WORK INSTRUCTIONS:
All entries are to be transcribed verbatim, but images are not carried over.

Excerpts from a dataset:
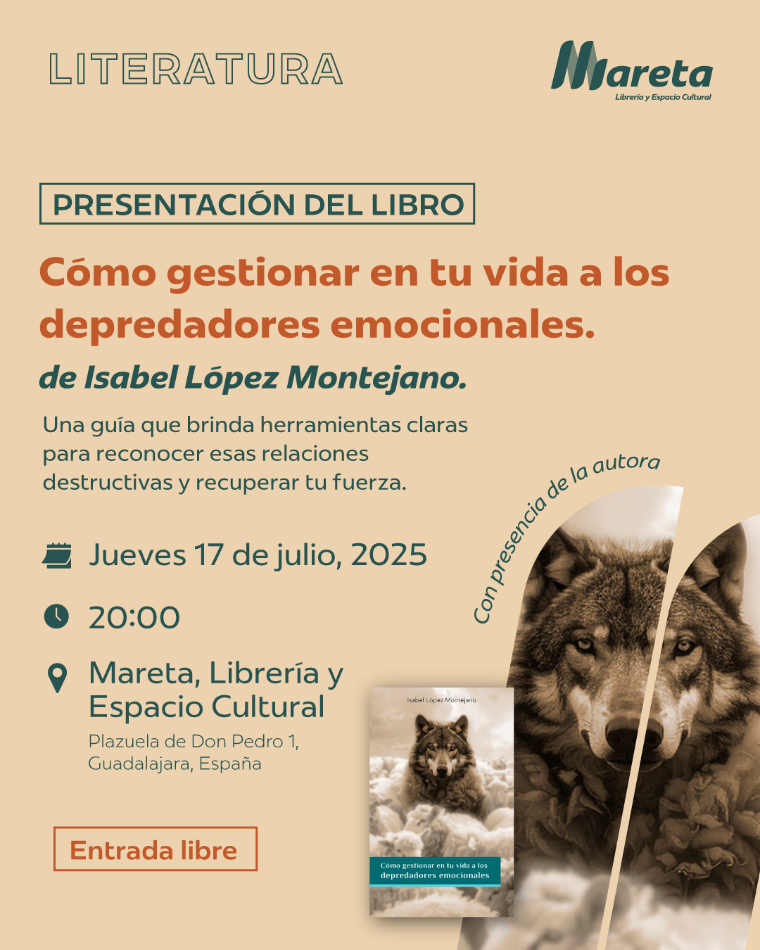 Mareta acoge la presentación del libro de Isabel López Montejano sobre depredadores emocionales este 17 de julio en Guadalajara a las 20:00 h.
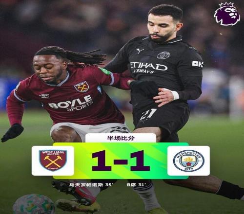 西漢姆聯(lián)1-1曼城
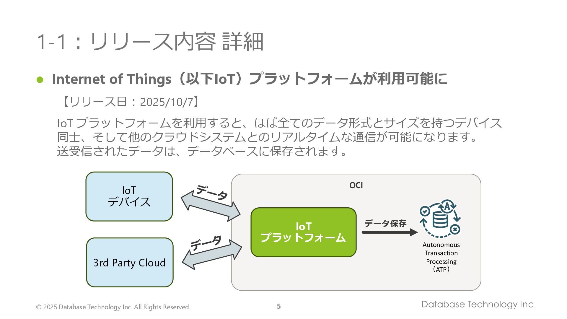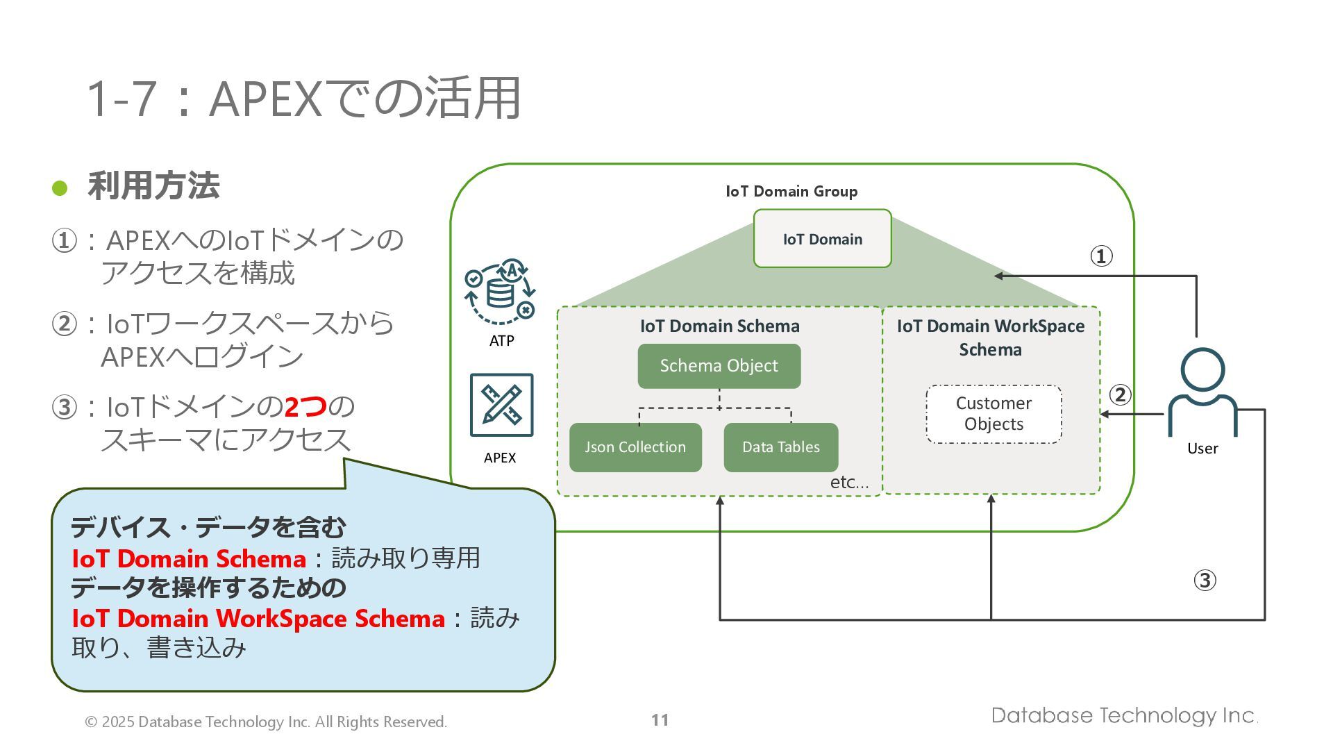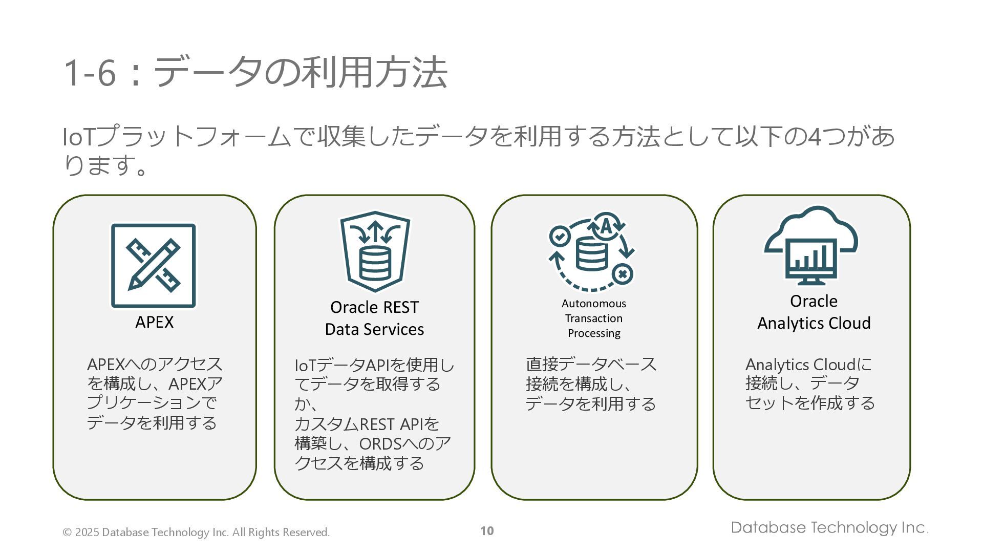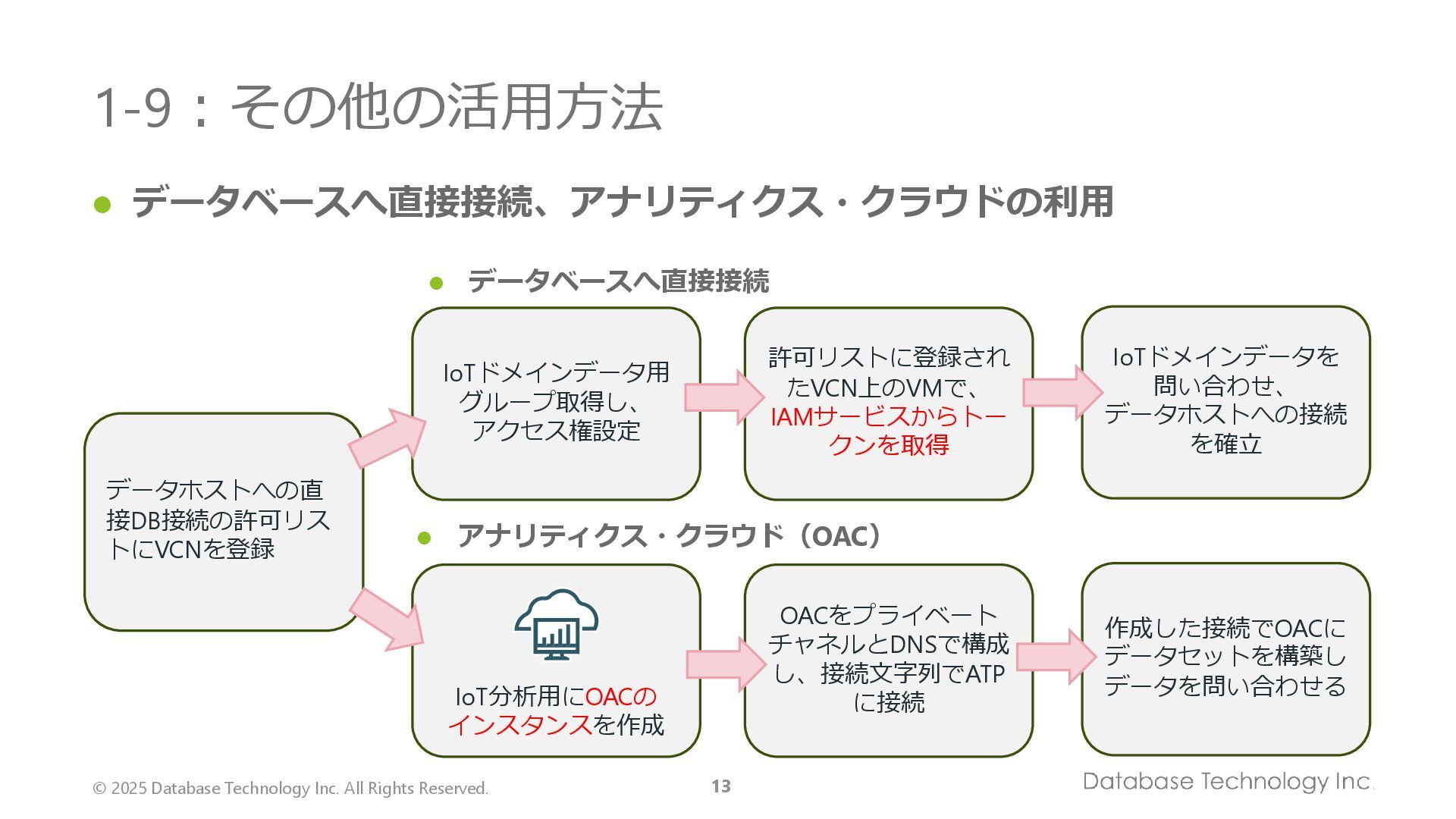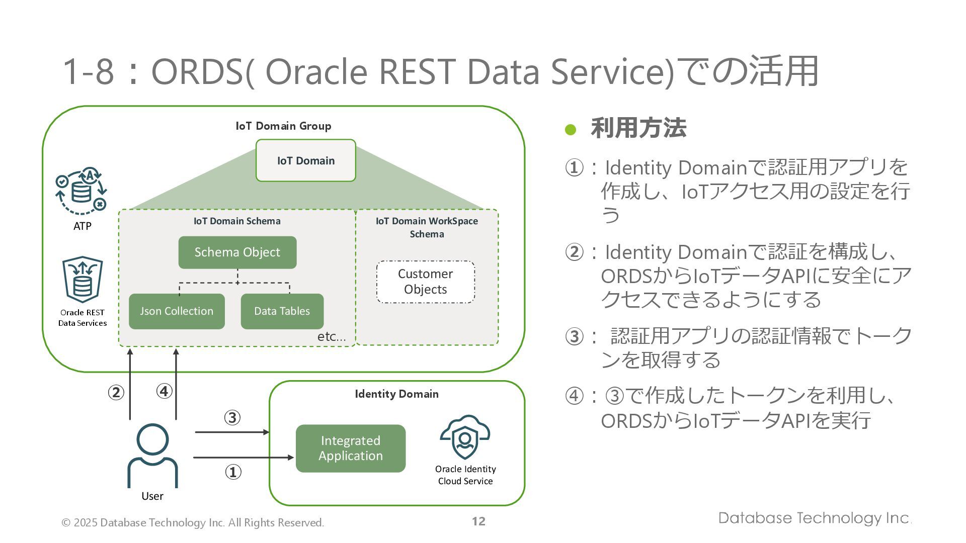 Oracle REST Data Service)での活用 IoT Domain Group ATP IoT Domain Schema Json Collection Schema Object IoT Domain Data Tables IoT Domain WorkSpace Schema etc… Customer Objects User Oracle REST Data Services Identity Domain Oracle Identity Cloud Service Integrated Application ⚫ 利用方法 ①:Identity Domainで認証用アプリを 作成し、IoTアクセス用の設定を行 う ②:Identity Domainで認証を構成し、 ORDSからIoTデータAPIに安全にア クセスできるようにする ③: 認証用アプリの認証情報でトーク ンを取得する ④:③で作成したトークンを利用し、 ORDSからIoTデータAPIを実行 ④ ① ③ ②
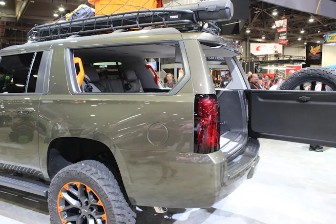 The concept also featured black bowtie emblems, a gooseneck completion package, black door handles, cargo area lamps, six-inch rectangular assist steps in black, tie-down rings, trailering camera system by EchoMaster, floor liners with the bowtie logo, an under-seat storage organizer, and an interior trim kit.
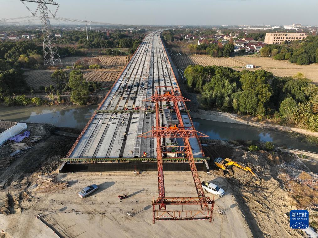 這是蘇&高速公路七都至桃源段ST-QL5標主線橋梁架設現場(12月7日攝,無人機照片)。
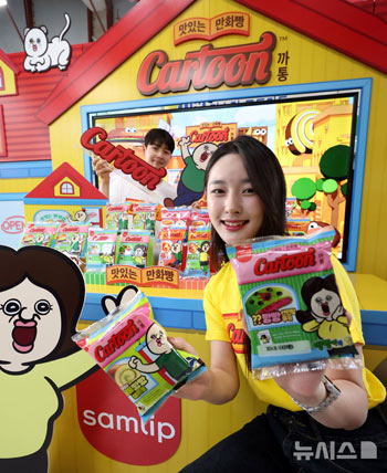 19日午前、ソウル市江南区の「パンパンとオクジの萬物相」ポップアップストアで、「SPC三立×パンパンくんの日常」の新製品8種類をPRするコンパニオンの様子。
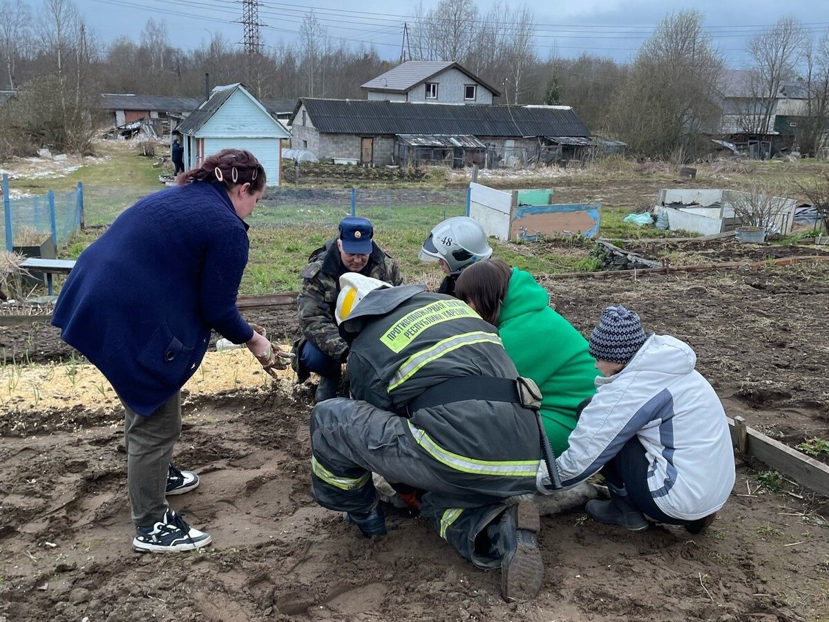 Собаке потребовалась помощь, животное запуталось в собственном поводке. Историю спасения рассказали в паблике Пряжа – самый тёплый поселок. Мы услышали, что где-то сильно скулит собака. Осмотрев округу, не увидели ничего подозрительного, но управдом рассказала, что за нашим домом лежит и скулит собака. Мы с мамой сразу побежали искать ее. Оказалось, что она запуталась в своем же ошейнике. Собака не могла стоять, передвигаться, нормально дышать и очень скулила! Люди обратились в МЧС, также написали об инциденте в соцсети. Откликнулись сотрудники Пожарной части 48 Пряжа, приехали и обычные жители. Общими усилиями они освободили пса. Разрезали ошейник, освободили язык от карабина и сняли кольцо от цепи с лапы бедного животного.
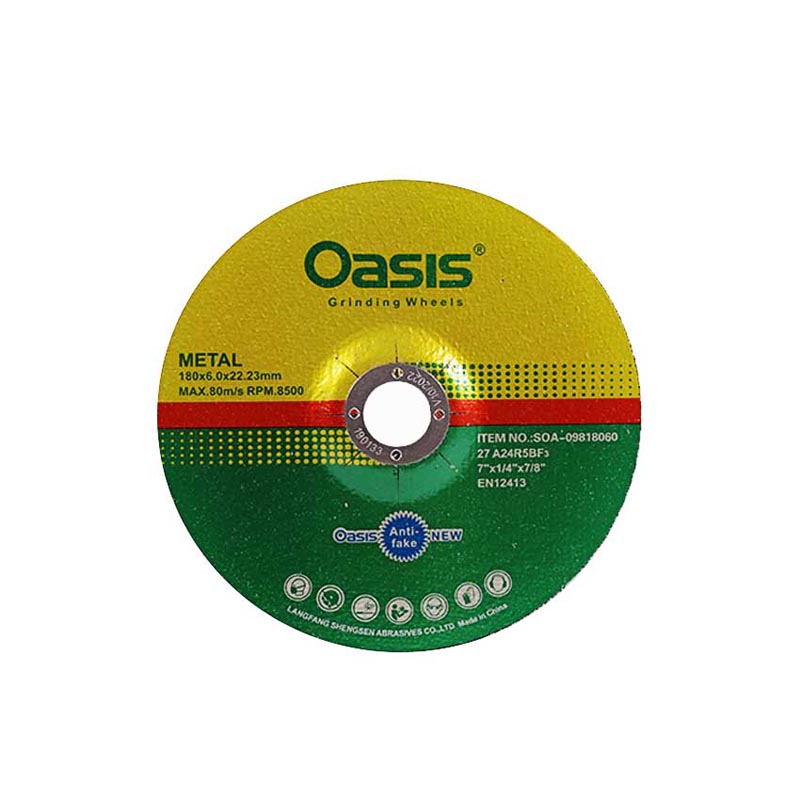 صفحه سنگ ساب بزرگ اوسیس(oasis)180*6*22.23 یکی از ابزارآلات برش و سایش می باشد. این محصول که ساخت کشور چین و شرکت اوسیس می باشد از کیفیت نسبتا بالایی برخوردار است. ضخامت این صفحه سنگ ساب بزرگ با صفحه برش آهن اوسیس متفاوت می باشد.

TASK OUTPUT:
 Mareta acoge la presentación del libro de Isabel López Montejano sobre depredadores emocionales este 17 de julio en Guadalajara a las 20:00 h.
 西漢姆聯(lián)1-1曼城
 Oracle REST Data Service)での活用 IoT Domain Group ATP IoT Domain Schema Json Collection Schema Object IoT Domain Data Tables IoT Domain WorkSpace Schema etc… Customer Objects User Oracle REST Data Services Identity Domain Oracle Identity Cloud Service Integrated Application ⚫ 利用方法 ①:Identity Domainで認証用アプリを 作成し、IoTアクセス用の設定を行 う ②:Identity Domainで認証を構成し、 ORDSからIoTデータAPIに安全にア クセスできるようにする ③: 認証用アプリの認証情報でトーク ンを取得する ④:③で作成したトークンを利用し、 ORDSからIoTデータAPIを実行 ④ ① ③ ②
 The concept also featured black bowtie emblems, a gooseneck completion package, black door handles, cargo area lamps, six-inch rectangular assist steps in black, tie-down rings, trailering camera system by EchoMaster, floor liners with the bowtie logo, an under-seat storage organizer, and an interior trim kit.
 這是蘇&高速公路七都至桃源段ST-QL5標主線橋梁架設現場(12月7日攝,無人機照片)。
 19日午前、ソウル市江南区の「パンパンとオクジの萬物相」ポップアップストアで、「SPC三立×パンパンくんの日常」の新製品8種類をPRするコンパニオンの様子。
 Собаке потребовалась помощь, животное запуталось в собственном поводке. Историю спасения рассказали в паблике Пряжа – самый тёплый поселок. Мы услышали, что где-то сильно скулит собака. Осмотрев округу, не увидели ничего подозрительного, но управдом рассказала, что за нашим домом лежит и скулит собака. Мы с мамой сразу побежали искать ее. Оказалось, что она запуталась в своем же ошейнике. Собака не могла стоять, передвигаться, нормально дышать и очень скулила! Люди обратились в МЧС, также написали об инциденте в соцсети. Откликнулись сотрудники Пожарной части 48 Пряжа, приехали и обычные жители. Общими усилиями они освободили пса. Разрезали ошейник, освободили язык от карабина и сняли кольцо от цепи с лапы бедного животного.
 صفحه سنگ ساب بزرگ اوسیس(oasis)180*6*22.23 یکی از ابزارآلات برش و سایش می باشد. این محصول که ساخت کشور چین و شرکت اوسیس می باشد از کیفیت نسبتا بالایی برخوردار است. ضخامت این صفحه سنگ ساب بزرگ با صفحه برش آهن اوسیس متفاوت می باشد.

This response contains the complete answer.